- GIVEN DATA:

- Opening Delimiter -

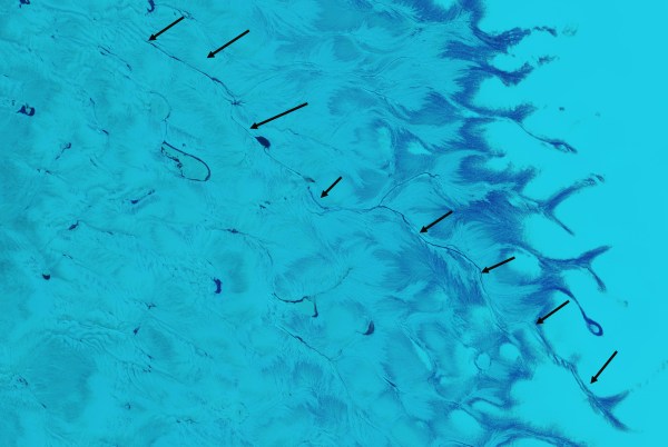 Here we examine the changes from 2000 to 2016 at ten locations near the front of the southern most of the main outlets of Upernavik Glacier. This reveals the formation of new islands, exposure of the former glacier bed and expansion of nunataks.
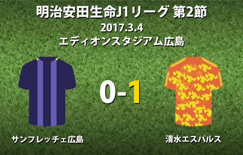 ▽4日にエディオンスタジアム広島で行われた明治安田生命J1リーグ第2節のサンフレッチェ広島vs清水エスパルスは、アウェイの清水が1-0で勝利した。
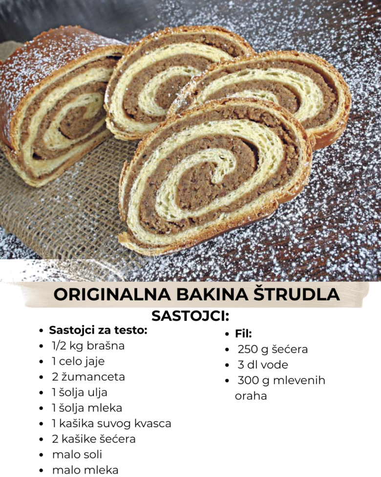 2. Za fil prokuvati šećera sa 3 dl vode (ako je fil gust, dodajte još malo vode). Kad provri, dodati mlevene orahe. Filovati kore, a zatim uviti u rolat. Ostaviti ga da odstoji 1 sat.

- Closing Delimiter -

- EXERCISE: Set down the material exactly as given, but print none of the pictures.

- ANSWER BOX:
 Here we examine the changes from 2000 to 2016 at ten locations near the front of the southern most of the main outlets of Upernavik Glacier. This reveals the formation of new islands, exposure of the former glacier bed and expansion of nunataks.
 ▽4日にエディオンスタジアム広島で行われた明治安田生命J1リーグ第2節のサンフレッチェ広島vs清水エスパルスは、アウェイの清水が1-0で勝利した。
 2. Za fil prokuvati šećera sa 3 dl vode (ako je fil gust, dodajte još malo vode). Kad provri, dodati mlevene orahe. Filovati kore, a zatim uviti u rolat. Ostaviti ga da odstoji 1 sat.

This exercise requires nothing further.